Ce qui risque d’arriver plus vite qu’on ne croie, c’est cela : sous couvert de lutte anti-terroriste, les djihadistes vont (si ce n’est pas déjà fait depuis les années 1980) s’associer avec les libertaires gauchistes pour faire mine de lutter contre eux-mêmes ou contre leurs soi-disant « extrêmistes/excès ». Comme ça, qui pourra les inculper ? Ils prétendront lutter contre les erreurs qu’ils ont créées ou auxquelles ils ont participées dans l’ombre, pour ainsi rester à l’abri des accusations. Et les gauchistes vont se servir des djihadistes (ils le font déjà) pour étouffer l’Église catholique et cacher leur gémellité avec l’islamisme, islamisme qui n’est autre qu’un rejeton rebelle du libéralisme économique : dans le monde musulman, la pratique homosexuelle, la haine des femmes, l’idolâtrie jalouse pour les médias, la passion pour les objets et les richesses, sont très répandues.

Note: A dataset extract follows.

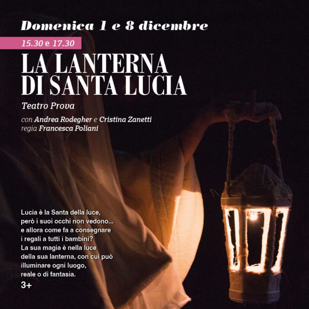 : Il 1° dicembre alle 15:30 e alle 17:30, il Teatro San Giorgio di Bergamo ospita “La lanterna di Santa Lucia”, uno spettacolo per bambini dai 3 anni. La storia narra di un padre che, la notte tra il 12 e il 13 dicembre, si perde e incontra una donna bisognosa d’aiuto, vivendo un’avventura magica che lo riporta alla sua infanzia.
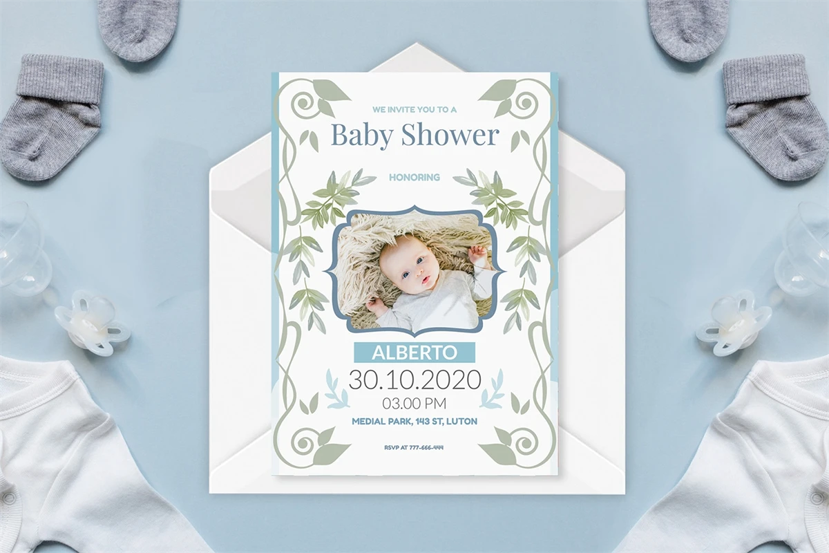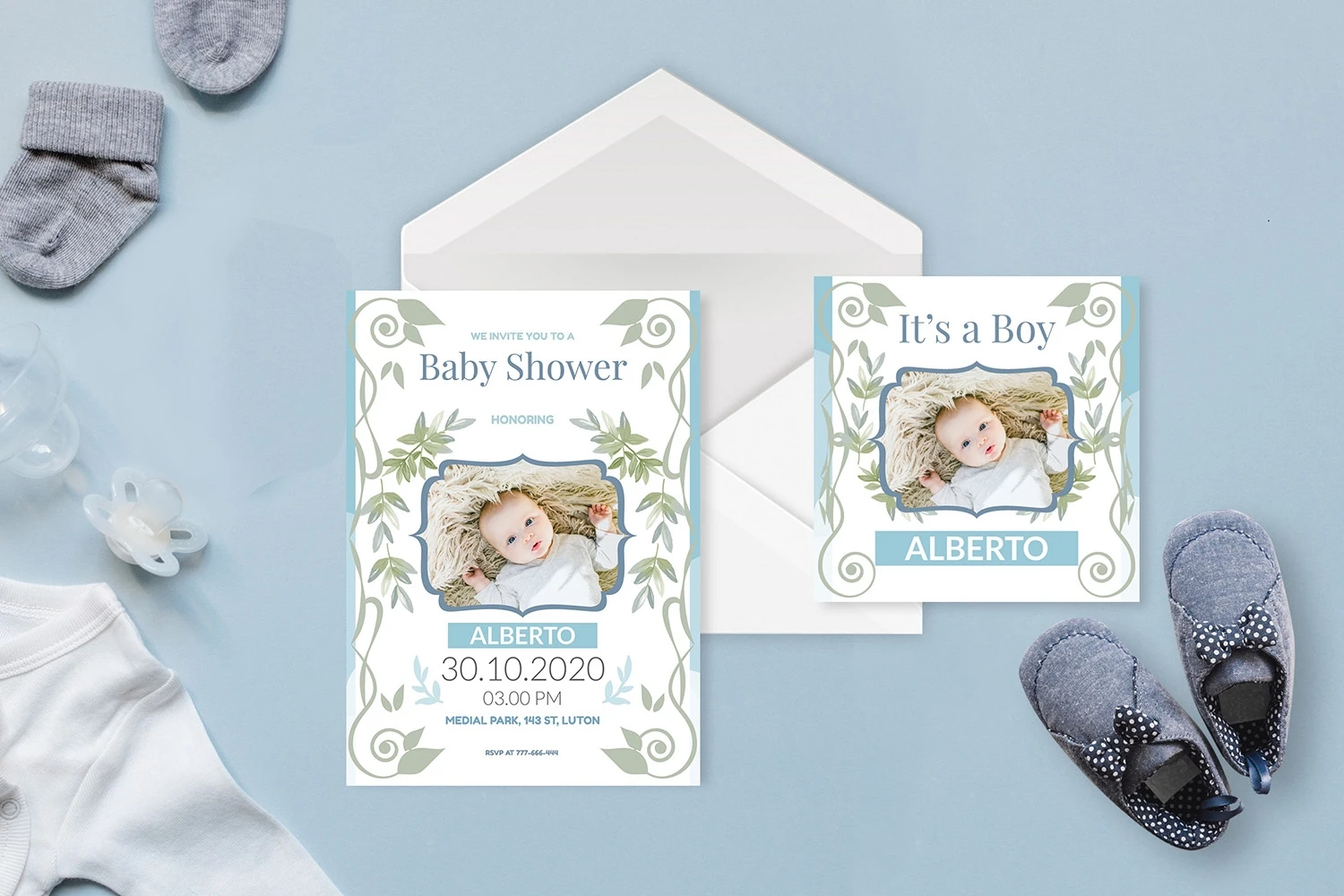 Invitation BOY(US A7 Card Size - 5 x 7 inch) + 0.125 inch bleeding

En conclusion, amis catholiques, préparons-nous au sacrifice, à un martyr de sang imminent. Le visage de la très prochaine persécution anti-catholique mondialisée finale est certainement celui-ci : un cerbère humain à trois têtes. La première représentant le socialo laïciste « Touche pas à mon pote musulman ! », complètement flippé, tout sourire et pétri de haine anti-catholique ; la deuxième, représentant le musulman justicier voulant se venger ouvertement des mécréants catholiques infidèles et désirant reporter à plus tard sa vengeance secrète contre le socialo laïciste, parce qu’il a encore besoin des richesses et du pouvoir de ce dernier ; la troisième, représentant le catholique apostat qui se déclare « croyant mais pas intégriste », ou au contraire le sédévacantiste qui se prétend « vrai catho ‘intégriste et fier de l’être’ ». Joie, Espérance et réalisme m’accompagnent, tous les jours de ma vie.